Analyzing big data is the process of examining large data sets in order to uncover hidden patterns, show changes over time, and confirm or challenge theories.

Most often associated with corporate decision-making, data analytics actually has applications well beyond the for-profit world of business. In fact, big data is making significant impacts throughout many industries: leading cancer patients to full recovery, increasing the reach of disaster relief efforts, and much more.

Here are four exciting examples of big data and analytics in action across a spectrum of industries.

 

Big Data in Health Care

Predictive analysis of big data within the health care industry can improve lives. This analysis can be used to update health care protocols, often improving outcomes across whole populations. Dr. John Halamka, one of the foremost health care CIOs in the world, shares a personal situation demonstrating how data and analytics can benefit patients and catalyze positive changes in health care delivery.

Halamka’s wife, of Asian descent, was diagnosed with stage IIIA breast cancer in December 2011. He and his team queried data from all the Harvard hospitals on treatment and outcomes for the last 10,000 Asian females with a tumor similar to his wife’s. Data revealed a medication that would be most effective for her specific case. Halamka credits his wife’s full recovery to the findings that he was able to draw from this analysis.

 

Big Data in Disasters

The April 2015 earthquake in Nepal killed nearly 9,000 people and injured 22,000. Analytics technology developed at North Carolina-based SAS had a huge impact in disaster relief efforts in Nepal. SAS CEO Jim Goodnight shares how two of the company’s global development projects intersected with the relief efforts.

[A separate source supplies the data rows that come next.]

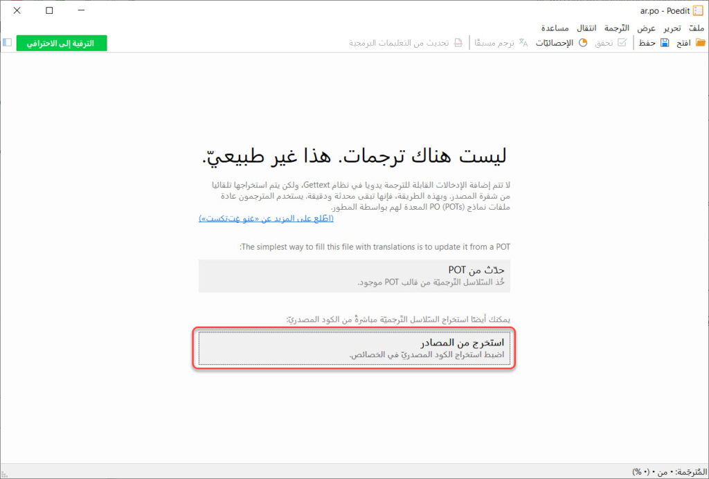 بعد التأكد من أن المطور قد وضع عبارات القالب ضمن دوال الترجمة، افتح برنامج POEdit، ثم أنشئ ترجمة جديدة عبر النقر على كلمة (جديد) من قائمة (ملف) أو عبر الضغط على زري Ctrl و N من لوحة المفاتيح، ثم احفظ الملف عبر النقر على خيار (حفظ) من قائمة (ملف) وتحديد مكان الحفظ في مجلد languages الخاص بالقالب، ثم انقر على (استخرج من المصادر).
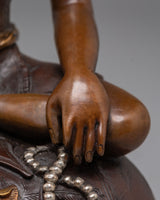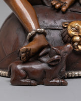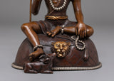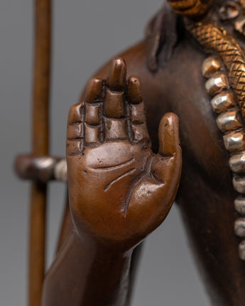 Every element of this Lord Shiva sculpture is rich in sacred symbolism. Shiva is depicted seated on a tiger or leopard skin, signifying his mastery over instincts and ego. In his right hand, he holds the Trishul (trident), representing the three forces of creation, preservation, and destruction. The third eye on his forehead symbolizes divine wisdom, the ability to perceive the unseen, and the kundalini energy represented by the sacred cobra (Naga) coiling around his body. The crescent moon adorning his matted hair symbolizes the cyclical nature of time and creation, while the Rudraksha beads across his torso further amplify the statue’s connection to Shiva worship and meditation practices. The oxidized copper finish enhances the rich texture, making the intricate relief work and serene facial expression truly stand out, radiating a sense of divine tranquility and spiritual presence.
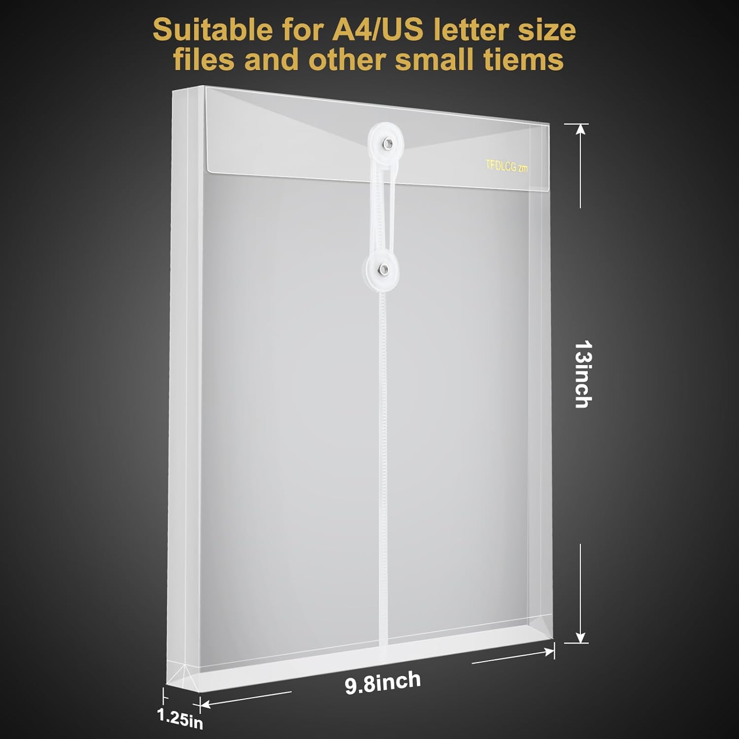 12 Pack Clear Plastic Envelopes with String Tie Closure,A4 Letter Size,TFDLCG zm Poly Reusable File Folders Project with1-1/4 Expansion,Paper Documents Organizer for Home, Office and Classroom

First, SAS analyzed shelter data provided by the International Organization for Migration (IOM)   in order to help better allocate resources. The IOM used SAS® Visual Analytics to identify high-risk shelters based on several factors such as solid waste disposal problems, high population of infants and children, and overcrowding. SAS based their analytics research on work they did with IOM following Typhoon Haiyan in the Philippines.

A second project, SAS Visual Analytics for UN Comtrade, which makes decades worth of international trade data available using SAS software, also helped Nepal relief efforts by allowing IOM to quickly locate the top exporters of materials needed in the recovery efforts.

 

Big Data in Child Welfare

In the same way a 19th-century English physician collected and used data to stem the tide of a massive cholera outbreak in a neighborhood in London, modern day analysts can use big data to similarly impact and improve communities and the lives of people in them.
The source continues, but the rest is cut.